Don McAllister

Personal information
- Full name: Donald McAllister
- Date of birth: 26 May 1953 (age 71)
- Place of birth: Radcliffe, Lancashire, England
- Position(s): Central defender

Senior career*
- Years: Team / Apps / (Gls)
- 1970–1975: Bolton Wanderers / 156 / (2)
- 1975–1981: Tottenham Hotspur / 172 / (9)
- 1977: → Washington Diplomats (loan) / 25 / (0)
- 1981–1983: Charlton Athletic / 55 / (6)
- 1984: Tampa Bay Rowdies / 1 / (0)
- 1984: Rochdale / 3 / (0)
- Total:  / 412 / (17)

Managerial career
- 1985–1986: Barnet

= Don McAllister =

English footballer (born 1953)

Donald McAllister (born 26 May 1953) is an English former professional footballer who played as a central defender for Bolton Wanderers, Tottenham Hotspur, Charlton Athletic, Tampa Bay Rowdies and Rochdale.

==Football career==
McAllister joined local club Bolton Wanderers as an apprentice in June 1970. He played on 156 occasions including one as substitute and scoring twice.

He signed for Tottenham Hotspur in February 1975 in a £80,000 transfer deal where he went on to make 209 appearances including five as sub and scoring ten goals in all competitions.

During his career at the club he was a member of the 1977 relegation side and the 1978 team that won promotion and played a part in the FA Cup winning squad of 1980–81.

In the summer of 1977, he went on loan to the Washington Diplomats of the North American Soccer League.

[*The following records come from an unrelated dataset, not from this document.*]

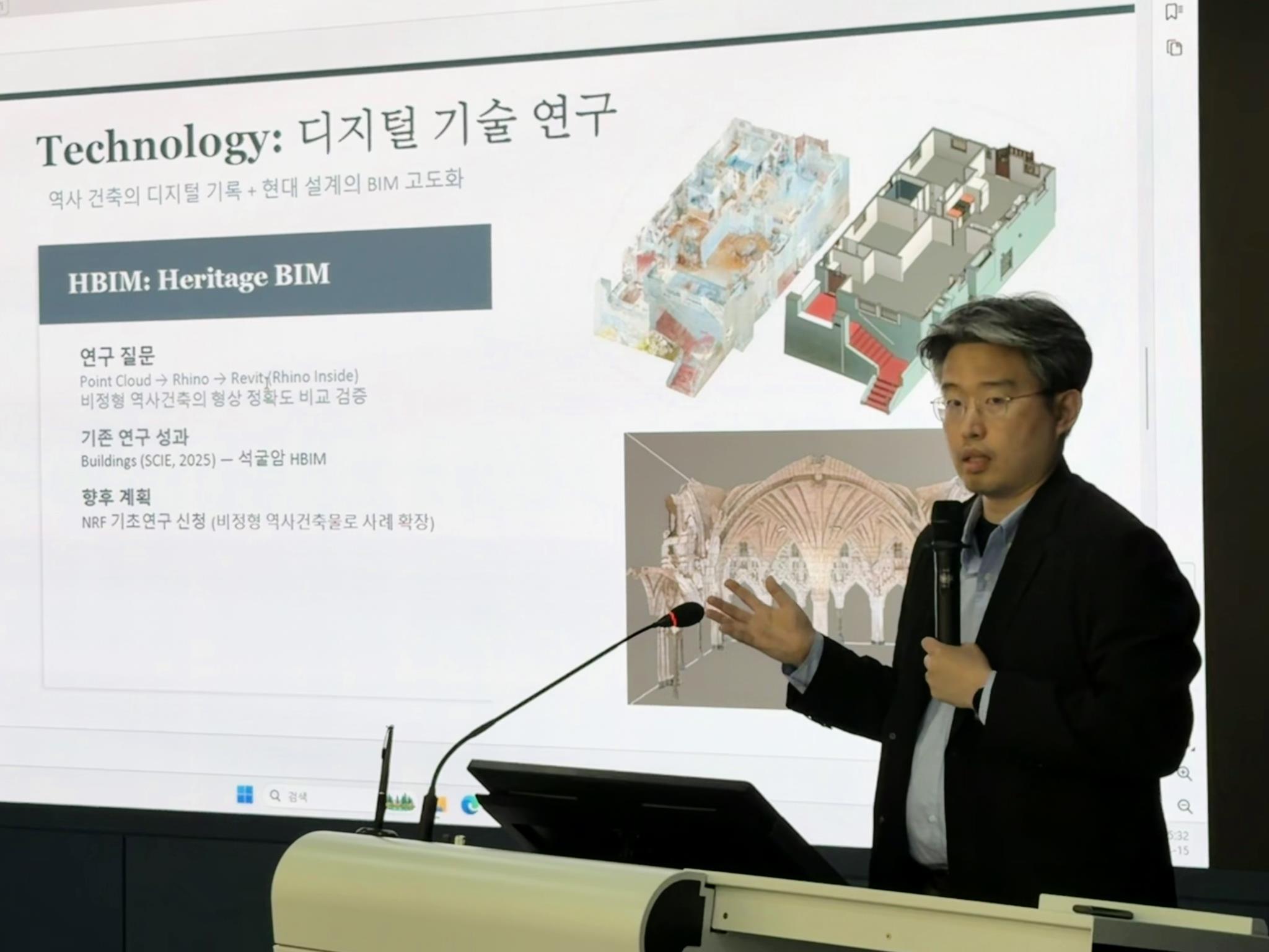 권용찬 교수(건축학과)가 본인의 연구 분야를 설명하는 모습
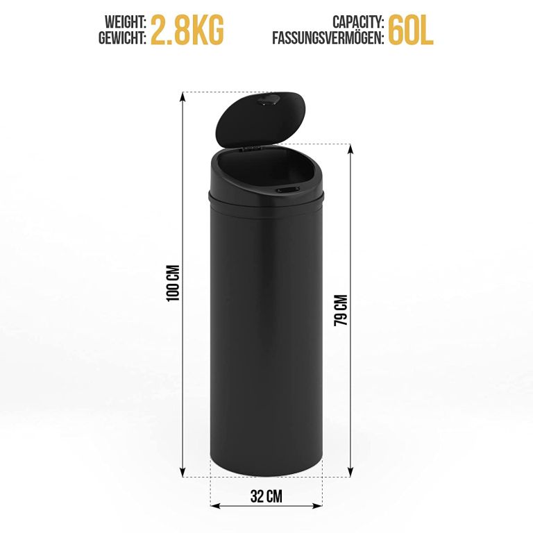 Bezdotykowy kosz na śmieci z czujnikiem, 60 l, czarny
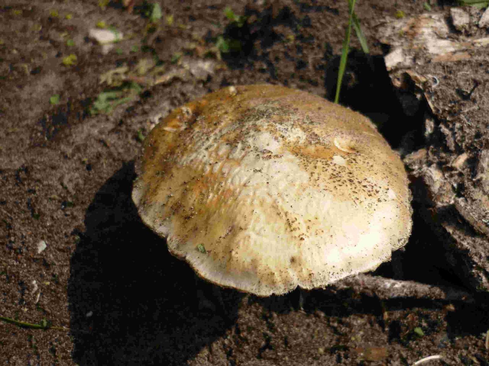Hut dunkel- und hellbraun, Lamellen dunkelbraun, wuchs im abgemähten Gras.
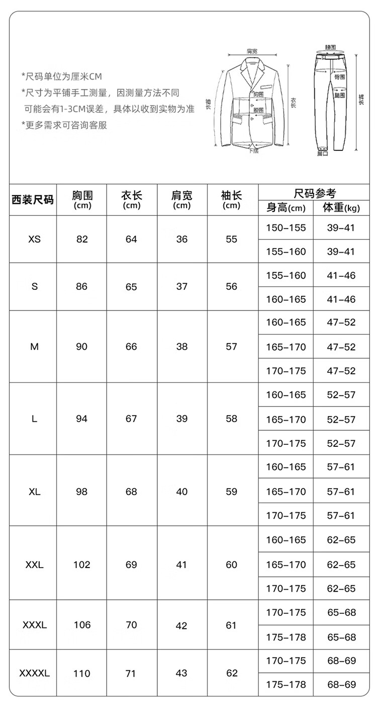 China (cm) 160-165/84-86 165-170 / 88-90 167-172 / 92-96 168-173 / 98-102 170-176 / 106-110
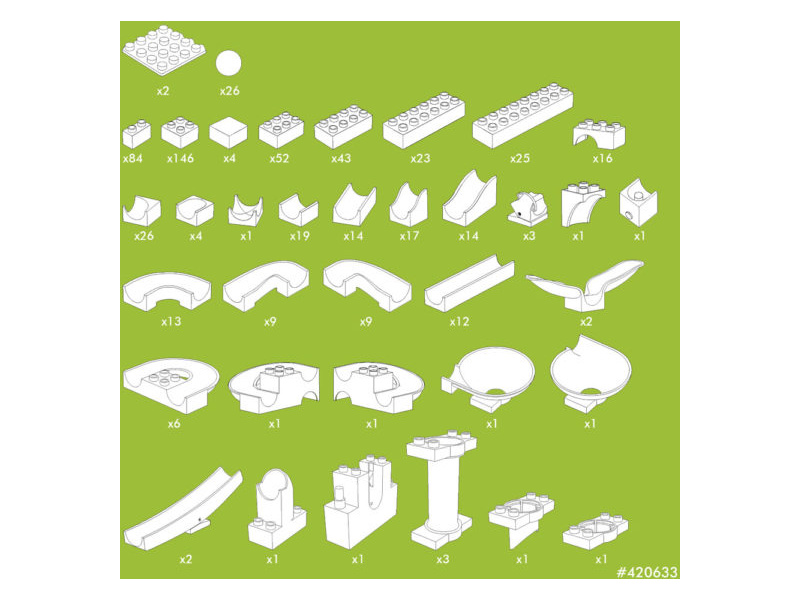 Set Mega obsahuje: 585 dílků (162 prvků dráhy, 377 stavebních kostek, 18 speciálních prvků, 2 základní desky, 26 kuliček) + obrázkový návod na sestavení varianty A1, B1 a C1.
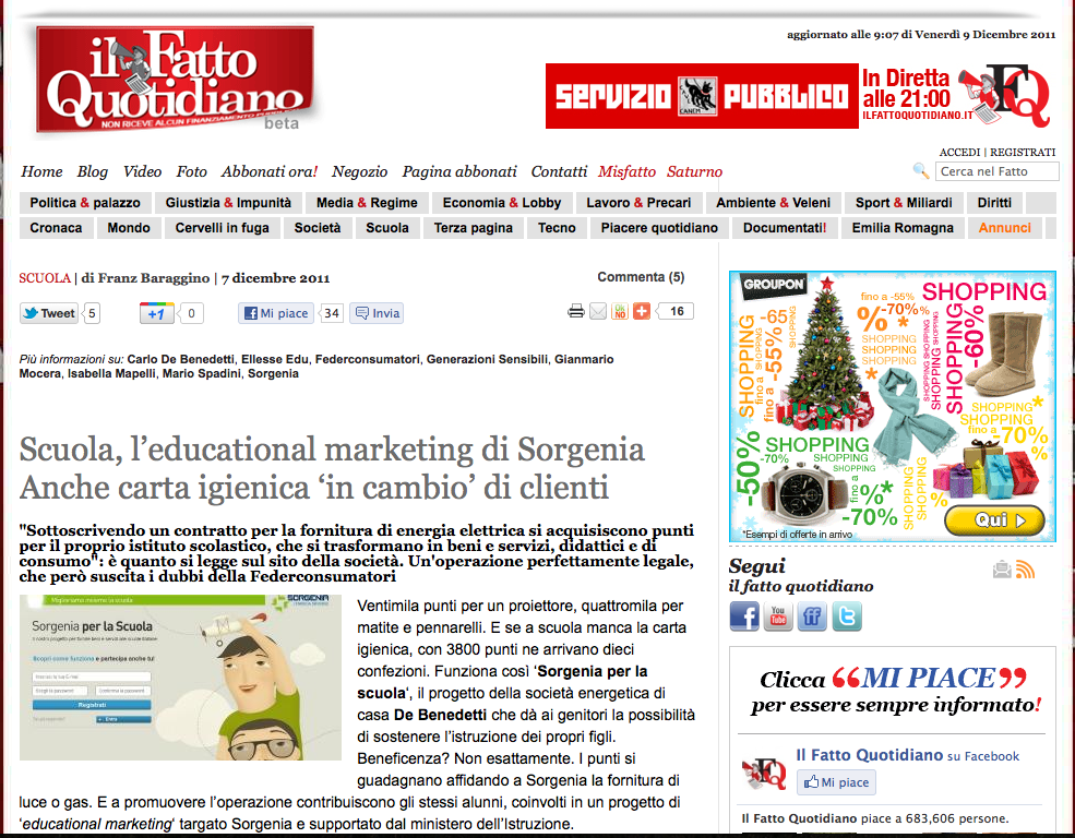 La realizzazione del progetto di ‘educational marketing’ che trasforma i ragazzi in “reporter ambientali” è affidato alla società Ellesse Edu, che nel suo sito internet pubblica anche un codice deontologico. “Esclusa qualunque azione che possa essere ricondotta a meri interessi commerciali”, assicurano. Ma gli studenti ricevono anche le cartoline che promuovono l’offerta ‘Sorgenia per la scuola’ per i nuovi clienti. “L’offerta è ricordata anche in fondo al fascicoletto consegnato agli alunni”, racconta Isabella Mapelli, che il 24 novembre ha accompagnato una classe della scuola media Buzzati di Milano all’evento di presentazione organizzato da Sorgenia. “Un progetto fatto con discrezione”, sostiene l’insegnante, che assicura: “Ormai nelle scuole riceviamo proposte decisamente più sfacciate”. Del resto, fa notare un articolo di Repubblica, il quotidiano che in comune con Sorgenia ha i proprietari, l’idea rivolta alle scuole è piaciuta anche al ministero dell’Istruzione, che ha dato il suo “supporto”.

McAllister joined Charlton Athletic in August 1981, where he featured in 55 matches and netted six goals.

In 1984, he played one game for the Tampa Bay Rowdies. He finished his career at Rochdale after a further three appearances.

==After football==
McAllister emigrated to Sydney, Australia, where he worked as a finance manager for many years. He is now retired and relocated to Queensland in late 2015.